(DATASET EXCERPTS)

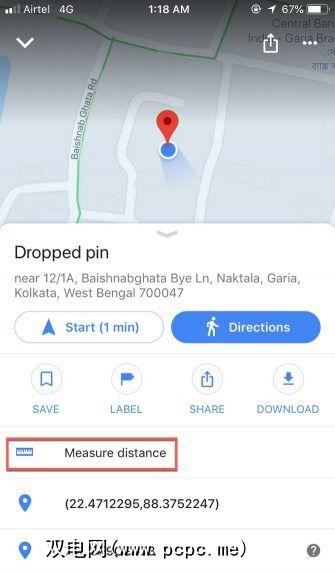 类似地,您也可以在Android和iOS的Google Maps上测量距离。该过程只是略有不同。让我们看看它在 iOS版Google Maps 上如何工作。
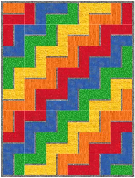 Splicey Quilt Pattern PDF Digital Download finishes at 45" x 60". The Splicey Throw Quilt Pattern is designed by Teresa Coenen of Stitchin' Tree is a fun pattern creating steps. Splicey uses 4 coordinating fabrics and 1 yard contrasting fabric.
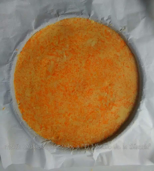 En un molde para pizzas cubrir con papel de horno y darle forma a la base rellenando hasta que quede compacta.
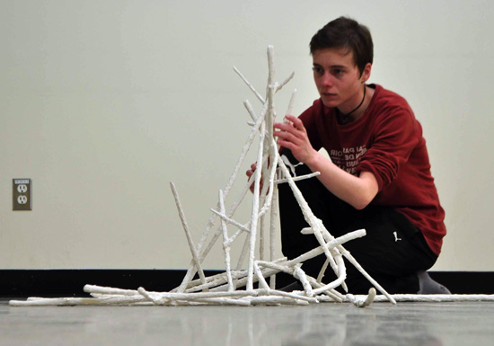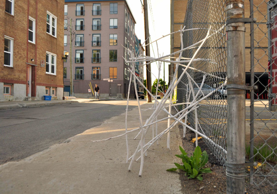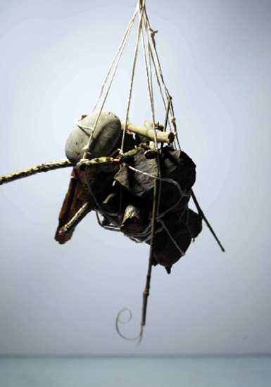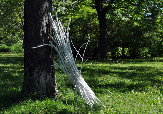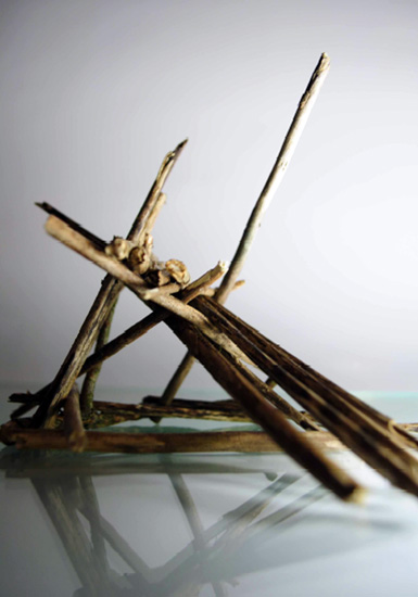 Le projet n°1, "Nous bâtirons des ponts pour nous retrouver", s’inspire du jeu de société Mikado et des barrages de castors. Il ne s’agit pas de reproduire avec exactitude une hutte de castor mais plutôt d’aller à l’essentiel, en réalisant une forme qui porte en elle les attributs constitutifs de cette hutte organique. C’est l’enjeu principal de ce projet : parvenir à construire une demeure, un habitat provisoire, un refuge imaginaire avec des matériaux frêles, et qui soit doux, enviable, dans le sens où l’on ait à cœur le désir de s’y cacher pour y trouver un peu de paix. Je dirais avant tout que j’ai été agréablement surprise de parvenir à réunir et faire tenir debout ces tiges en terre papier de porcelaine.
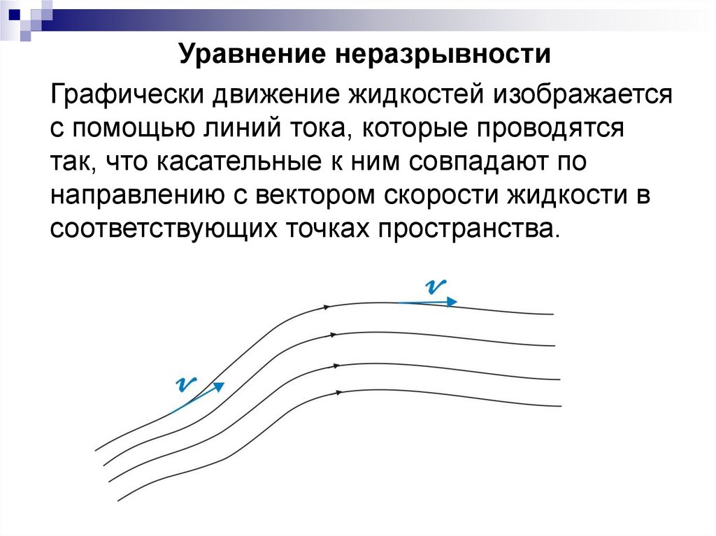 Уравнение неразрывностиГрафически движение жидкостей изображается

(End DATASET EXCERPTS)
(DATASET EXCERPTS)

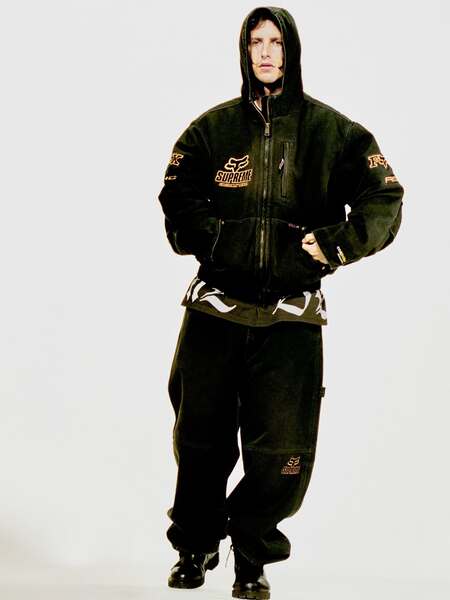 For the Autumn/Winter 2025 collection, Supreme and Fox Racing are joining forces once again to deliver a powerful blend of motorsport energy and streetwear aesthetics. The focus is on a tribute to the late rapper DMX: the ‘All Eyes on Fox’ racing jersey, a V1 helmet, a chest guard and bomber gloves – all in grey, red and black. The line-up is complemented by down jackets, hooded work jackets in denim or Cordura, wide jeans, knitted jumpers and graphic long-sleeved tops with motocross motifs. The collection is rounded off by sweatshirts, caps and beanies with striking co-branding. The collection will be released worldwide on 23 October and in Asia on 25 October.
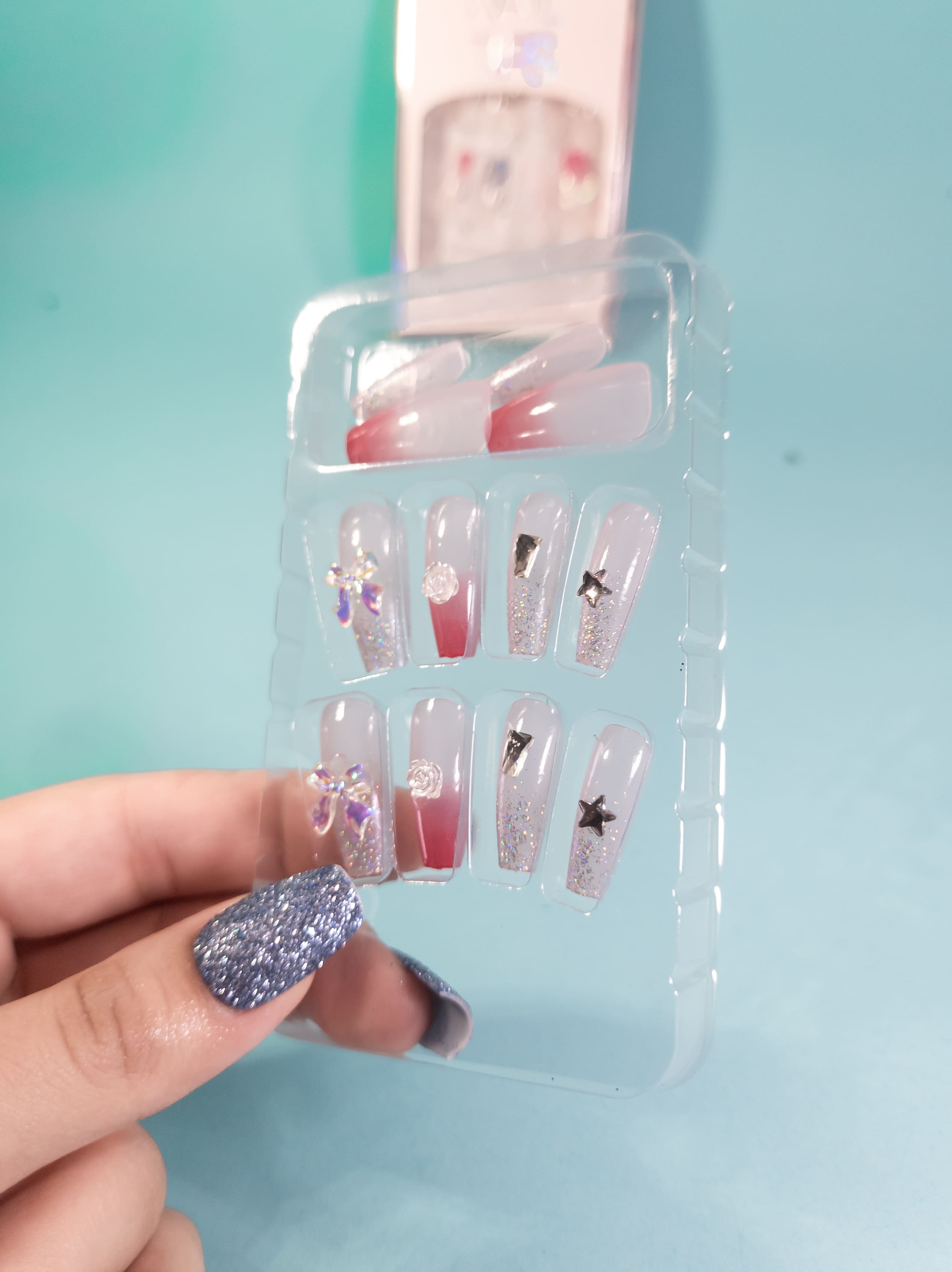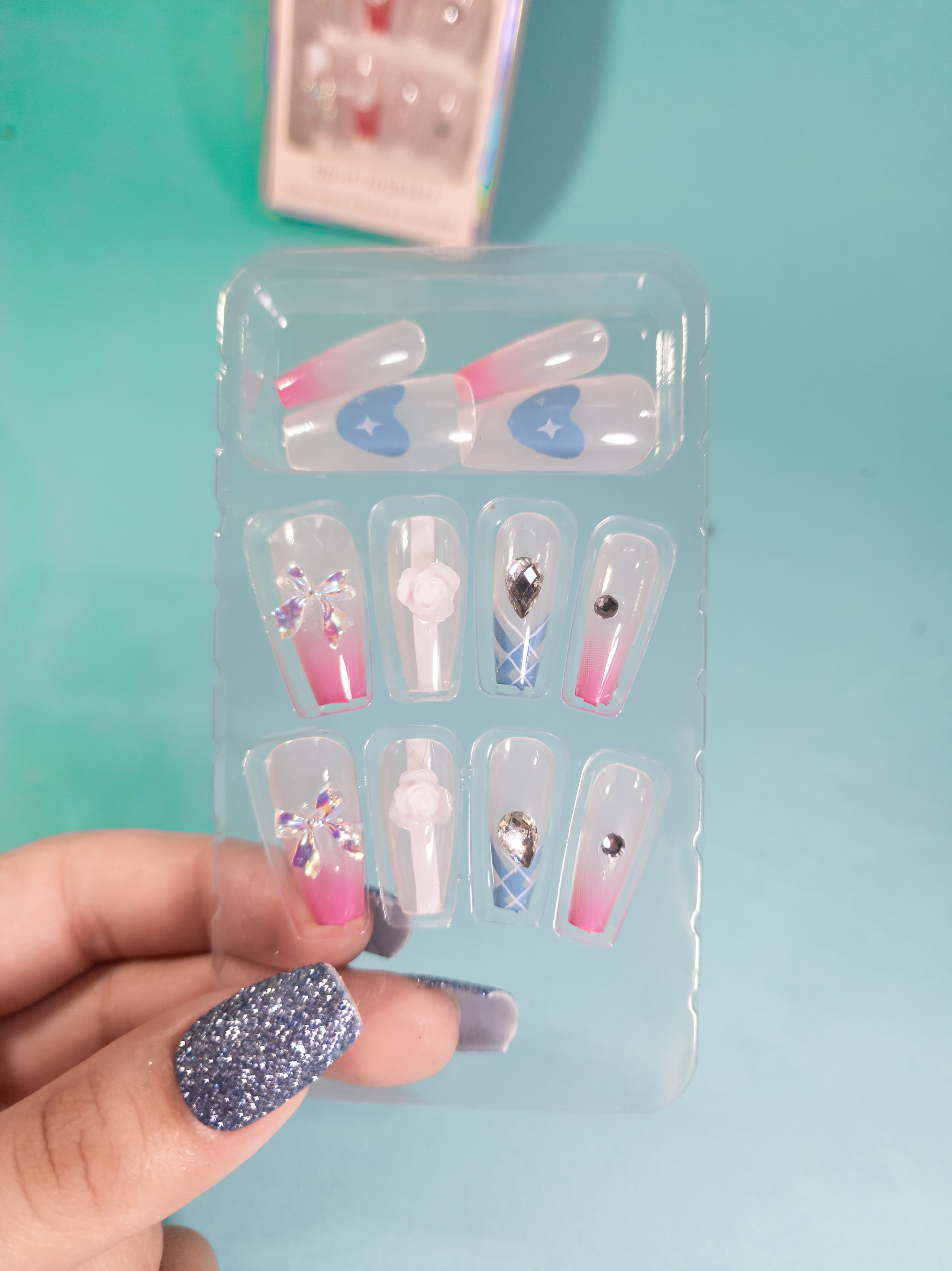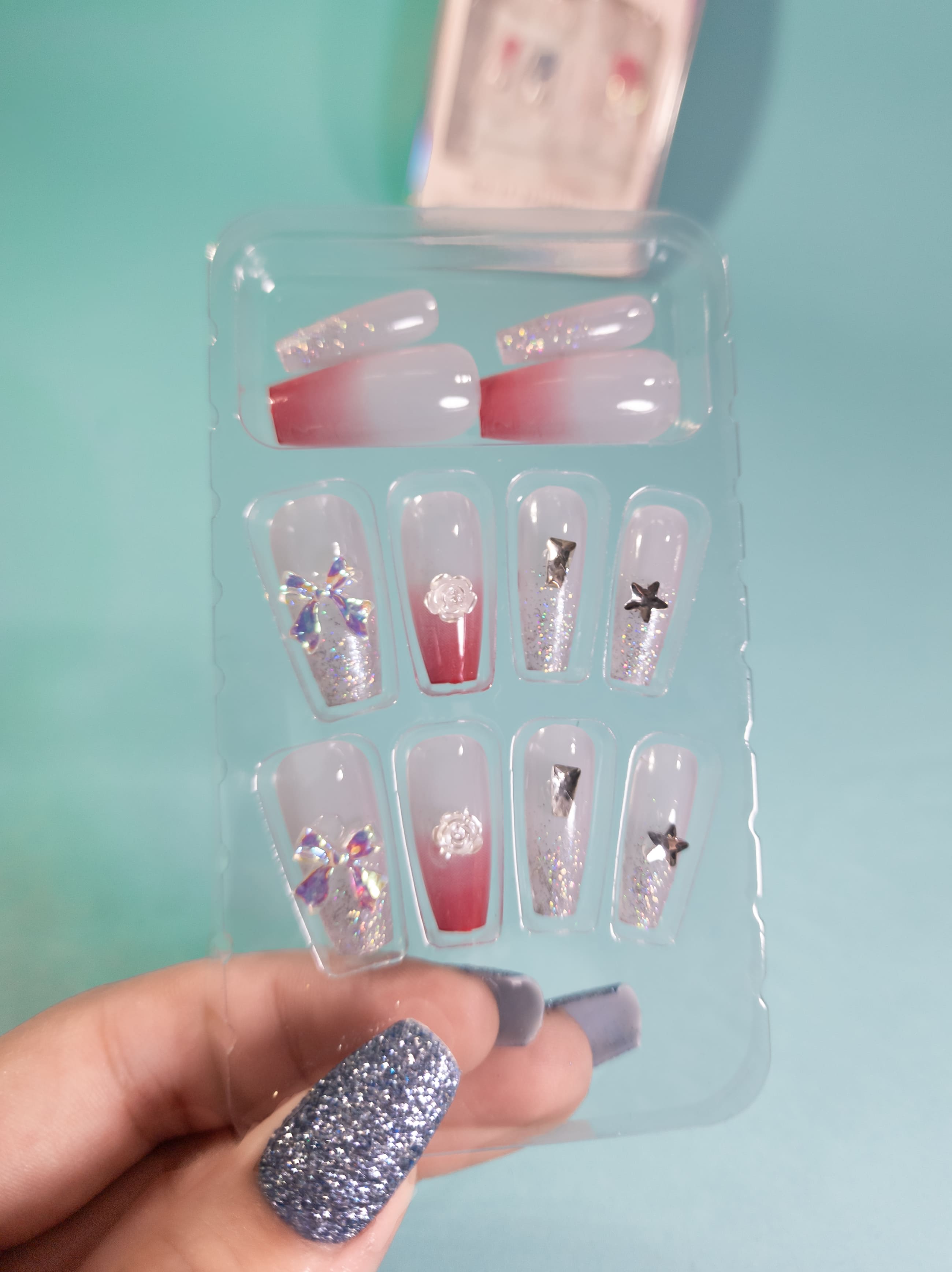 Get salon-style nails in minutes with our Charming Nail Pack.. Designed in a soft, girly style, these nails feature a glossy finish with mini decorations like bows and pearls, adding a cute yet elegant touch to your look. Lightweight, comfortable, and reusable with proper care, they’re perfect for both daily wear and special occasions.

(End DATASET EXCERPTS)

Range to copy from the records above: the line containing "iOS版Google Maps 上如何工作。" to the line containing "En un molde", both included. Output those lines exactly and only those, skipping pictures.

 类似地,您也可以在Android和iOS的Google Maps上测量距离。该过程只是略有不同。让我们看看它在 iOS版Google Maps 上如何工作。
 Splicey Quilt Pattern PDF Digital Download finishes at 45" x 60". The Splicey Throw Quilt Pattern is designed by Teresa Coenen of Stitchin' Tree is a fun pattern creating steps. Splicey uses 4 coordinating fabrics and 1 yard contrasting fabric.
 En un molde para pizzas cubrir con papel de horno y darle forma a la base rellenando hasta que quede compacta.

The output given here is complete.